• [THE TASK]:
Please give back each line of the material unchanged, but without the images.

• [RECORDED DATA]:

==========

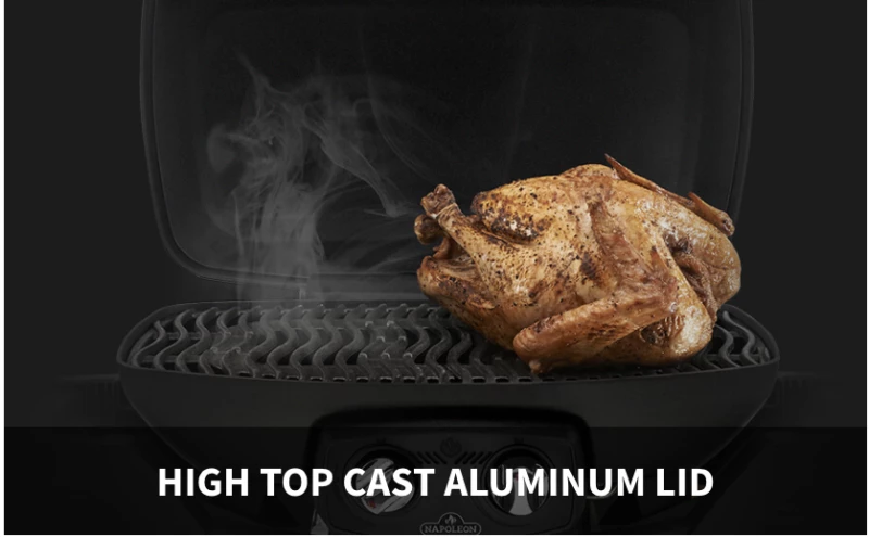 - Høyt WEATHERÂGUARD™  lokk i støpt aluminium tilpasset grilling av større kjøttstykker
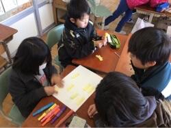 まず4年生は、冬休みの思い出をおしゃべりしました。少し会ってなくても、いろいろな話をすぐにできるのは、良いところですね。
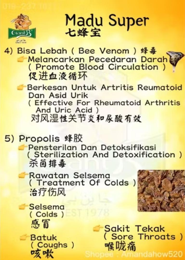 请勿使用金属器具或热水, 以免破坏蜂产品之天然活性成分。

==========

• [SOLVED PROBLEM]:
 - Høyt WEATHERÂGUARD™  lokk i støpt aluminium tilpasset grilling av større kjøttstykker
 まず4年生は、冬休みの思い出をおしゃべりしました。少し会ってなくても、いろいろな話をすぐにできるのは、良いところですね。
 请勿使用金属器具或热水, 以免破坏蜂产品之天然活性成分。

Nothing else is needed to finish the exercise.